This is a guest article is by one of our qualified Harmonizing Coaches, Jen Wood. Jen is also a Wellbeing Consultant and Cognitive Behavioural Therapist.
Why Practice Mindfulness?
The speed of modern life and the pressure to do, be and get more can become overwhelming. Our world is so full of stimuli and we cope and survive by becoming reactive. I discovered mindfulness as a way to get some breathing space and an opportunity to slow down, become more grounded and start to thrive.
I love the quote on the previous page, as it beautifully articulates what mindfulness gave me. Learning to connect with my breath and the ground beneath my feet, rather than the constant striving to please others and get through the infinite ‘to do’ list, was my path to growth and freedom.

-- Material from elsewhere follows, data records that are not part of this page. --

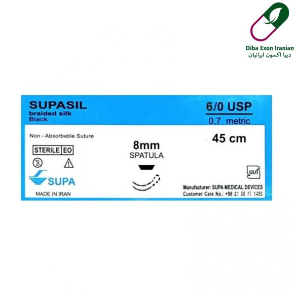 نخ جراحی سوپا سیلک 6/0 (6.0) اسپاچولا (دو سوزنه) سوزن 8 (بسته 12 عددی)
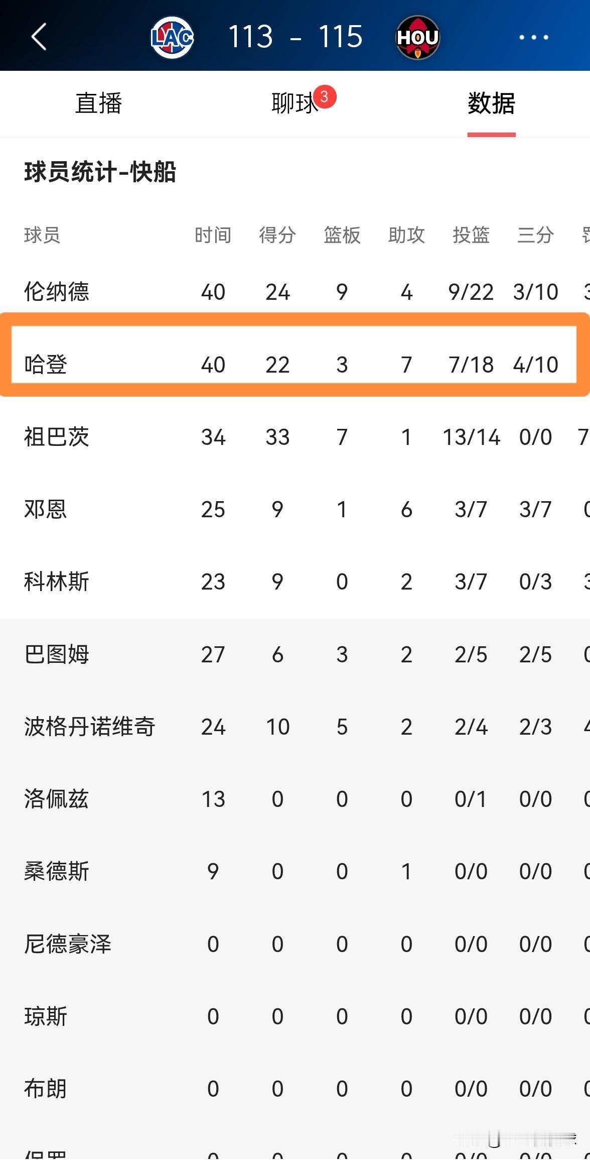 快船当家后卫哈登真是太懂事了!在今天快船客场以113:115惜败于火箭的比赛中,哈登面对旧主不忍心痛下杀手,他在首发出战的40分钟里,投篮18中7,其中三分球10中4、罚球5中4得到22分,还出现了4次失误。 本场比赛,哈登的进攻效率真是太低了,他出手18次仅仅得到22分,由此可见哈登对老东家真是太心慈手软了。
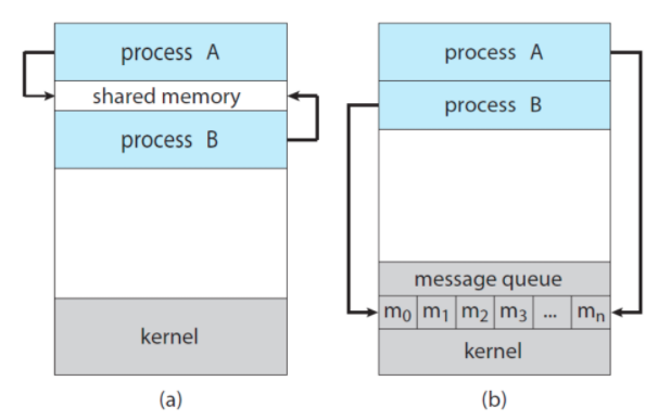 - Two fundamental models of IPC : shared memory, message passing.
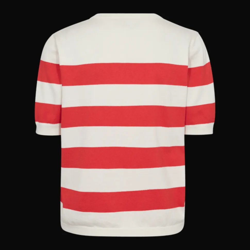 Freequent-neulepusero pehmeää, ohutta materiaalia, jossa on leveä raidallinen kuvio. Neulepuserossa on yksinkertainen siluetti, lyhyet hihat, pyöristetty pääntie, resori ja tyylikäs, rento malli.
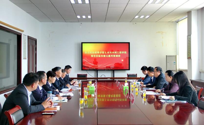 在安徽元鼎建设工程有限责任公司,学院一行观看了企业成立十五周年宣传片,公司董事长叶士平先对公司发展历史、业务范围、社会服务等情况进行了详细介绍,并回顾了多年来校企双方卓有成效的合作。学院院长戚晓明对前期的校企合作给予充分肯定,并就进一步开展校企合作提出希望。双方在人才培养、技术研发与项目合作等方面深入交换了意见,并达成进一步合作意向.
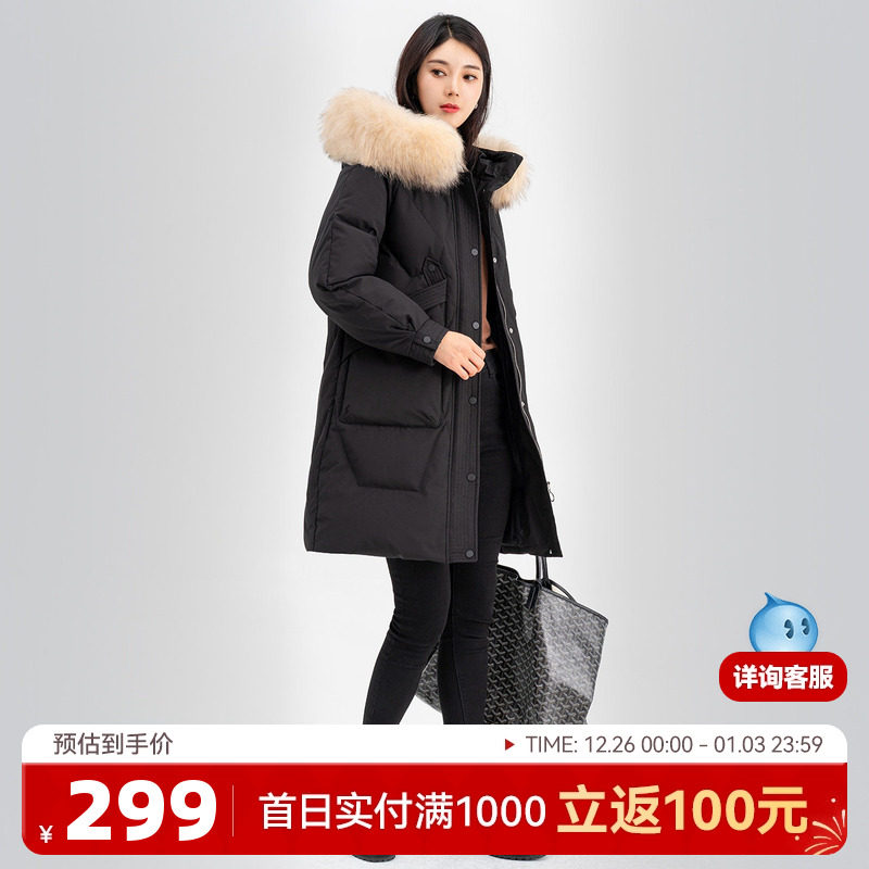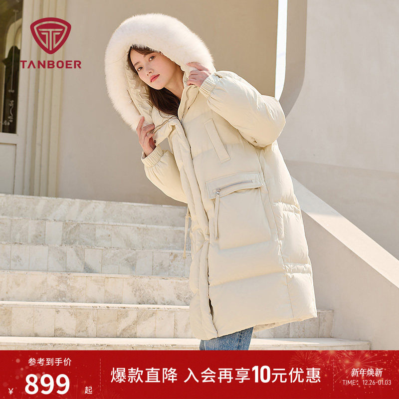 坦博尔羽绒服女款冬季中长款大毛领连帽宽松休闲时尚保暖加厚外套
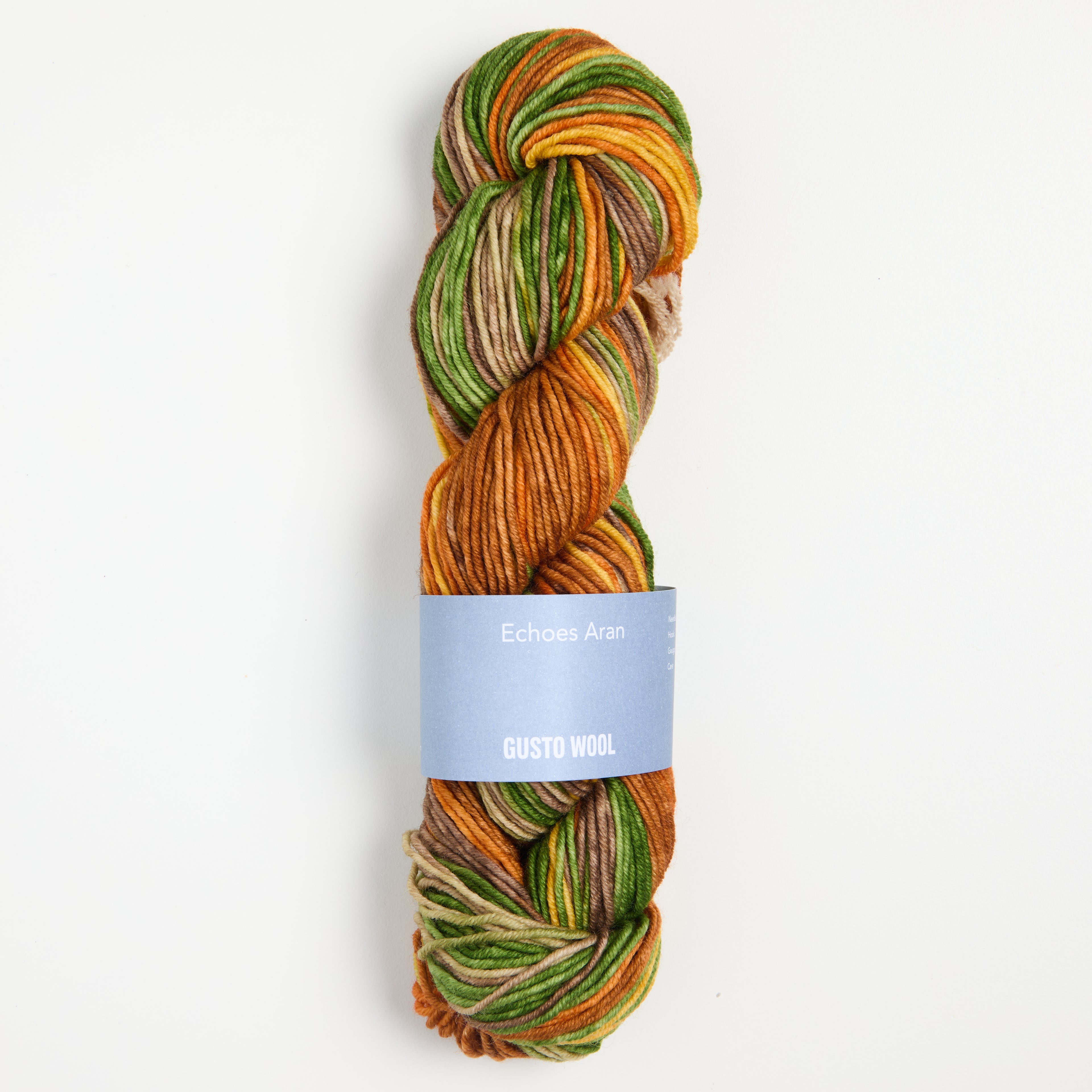 Gusto Wool Echoes Aran takes the self-striping Echoes sock yarn you love and bulks it up for projects that will keep you warm and toasty. Knit or crochet stunning scarves, hats, sweaters, and more with this beautiful hand-dyed superwash Merino wool.

Mindfulness offers us a wonderful toolbox of techniques for developing a more peaceful, accepting and compassionate life. I appreciate the way that it combines ancient wisdom with modern science. It is no anodyne means of suppressing our true feelings or creating fabricated bliss, but instead mindfulness offers us a map to navigate feeling our feelings and an invitation to own them and eventually experience them as a gift.
Jon Kabat-Zinn, creator of the Mindfulness-Based Stress Reduction (MBSR) programme, defines Mindfulness as “paying attention, on purpose, in the present moment, non-judgementally.”
It’s such a succinct description of the practice of developing conscious awareness, moment by moment, of our thoughts, emotions, physical sensations and our environment. We not only become aware of these things, but we learn to gracefully accept what we find. For my clients this can at first seem impossible, but it can be transformational.
We begin to observe our thoughts with an attitude of curiosity and kindness, rather that being swept away with them. We learn that we are not our thoughts, and that when we over identify with them we can run into difficulty.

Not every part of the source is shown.